(THE DATA)

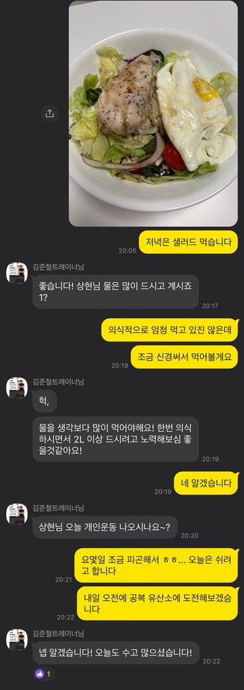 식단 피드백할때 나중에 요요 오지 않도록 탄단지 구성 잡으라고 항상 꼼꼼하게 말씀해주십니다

(End THE DATA)
(THE DATA)

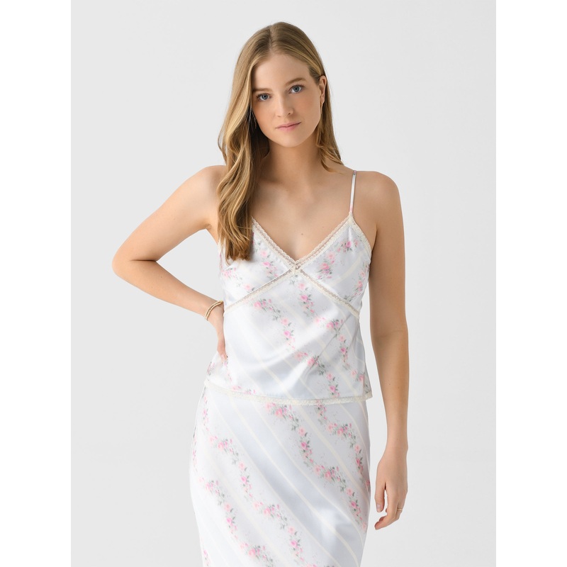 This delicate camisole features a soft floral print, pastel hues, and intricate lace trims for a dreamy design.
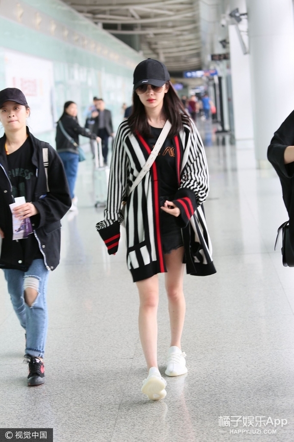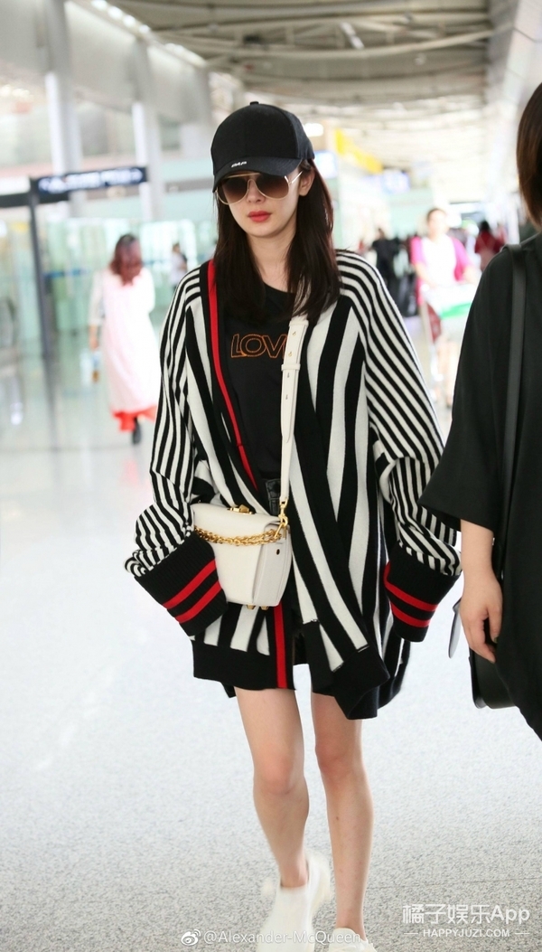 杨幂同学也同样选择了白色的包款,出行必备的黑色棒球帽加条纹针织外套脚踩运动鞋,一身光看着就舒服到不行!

(End THE DATA)

▶ _PROMPT_
From the material above, give again exactly the lines from the one that contains "This delicate camisole" through the one that contains "杨幂同学也同样选择了白色的包", and leave out the pictures.

▶ _SOLUTION_
 This delicate camisole features a soft floral print, pastel hues, and intricate lace trims for a dreamy design.
 杨幂同学也同样选择了白色的包款,出行必备的黑色棒球帽加条纹针织外套脚踩运动鞋,一身光看着就舒服到不行!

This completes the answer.